Wednesday, March 29, 2006

Birds on a shovel

I ought to keep a list of pastoral duties which are not taught in seminary but part of pastoral life. It sounds cliché, but it probably is something I ought to do.
As I sat in my office today pondering some important exegetical point, off in my own world, there was a knock at the door from the manager of the nursery school in our building, alerting me that there was a dead bird outside. Apparently, the little bird had flown straight into the clear glass front door of our church and laid quite dead on the ground nearby. “Since you are the leader of the church,” she gently joked, “we nursery school teachers elected you to take care of it.”
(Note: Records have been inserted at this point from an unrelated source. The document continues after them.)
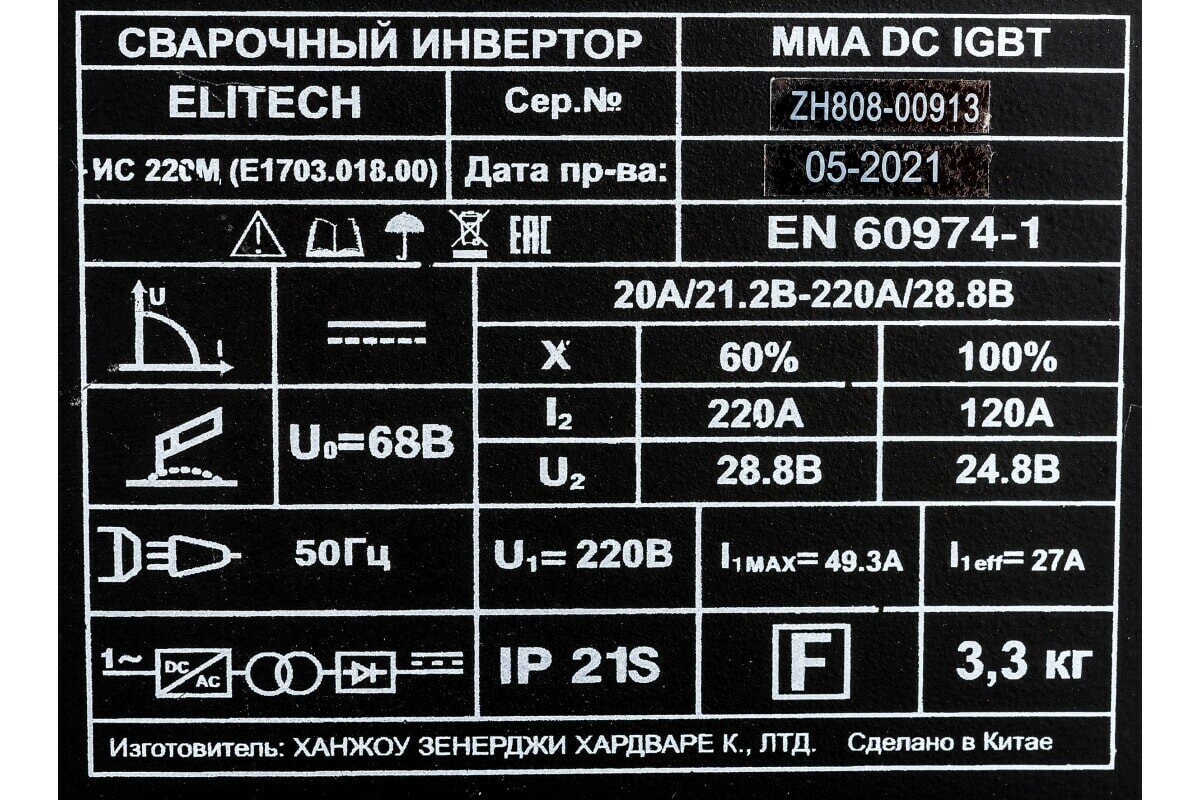 Ниже Вы можете прочитать отзывы на Сварочный аппарат Elitech ИС 220М (E1703.018.00) инвертор MMA DC/TIG DC 7кВт, ознакомится с подробными характеристиками, посмотреть интересные обзоры и фотографии на Сварочный аппарат Elitech ИС 220М (E1703.018.00) инвертор MMA DC/TIG DC 7кВт.
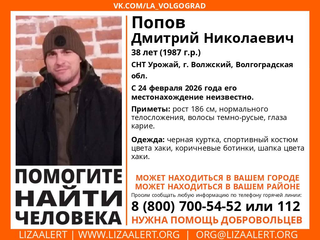 Мужчина перестал выходить на связь несколько дней назад. Его местонахождение остается неизвестным с 24 февраля 2026 года. Последний раз Дмитрия видели на территории садоводческого некоммерческого товарищества "Урожай" в городе Волжском.
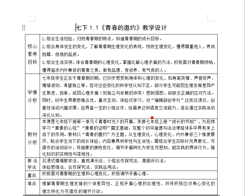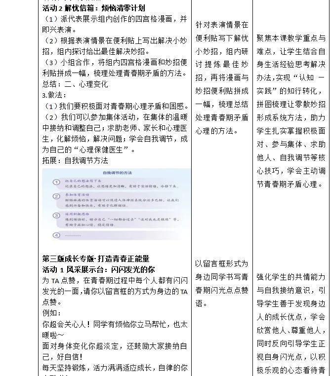 对于道德与法治教师而言,这份设计不仅提供了可操作的教案,更展示了如何将抽象的身心变化转化为学生可感、可践行的成长体验,值得细细品味与借鉴。

And so I did. I grabbed the nearest shovel and scooped the bird up and began to walk toward the ditch at the back of the property. On my way, though, something gray and vaguely phosphorescent caught my eye, and there was another dead bird, this one bigger, I guess a turtledove. I picked the second bird up, loaded him on the shovel, and off the three of us went for what was not the most graceful funeral I have ever done. Holding the birds out to my side as far as I could, careful not to make eye contact (not that the birds would have looked back), we soon arrived at the ditch, and I hurled the two birds, one little and one big, half-way out.
Th-thud.
Those were two ugly thuds. Two birds that days before would have skittishly flown away if someone had so much as approached them, now were thrown and just smacked the ground with a thud.
It struck me that one day, I too will make a thud if someone should throw me into a ditch. Not that I hope someone treats my body that way, but I suppose I won’t know the difference anyway.
Death is a mysterious thing; and it takes much faith to hear a thud and to still believe there is more than we can see, more life than we can know here.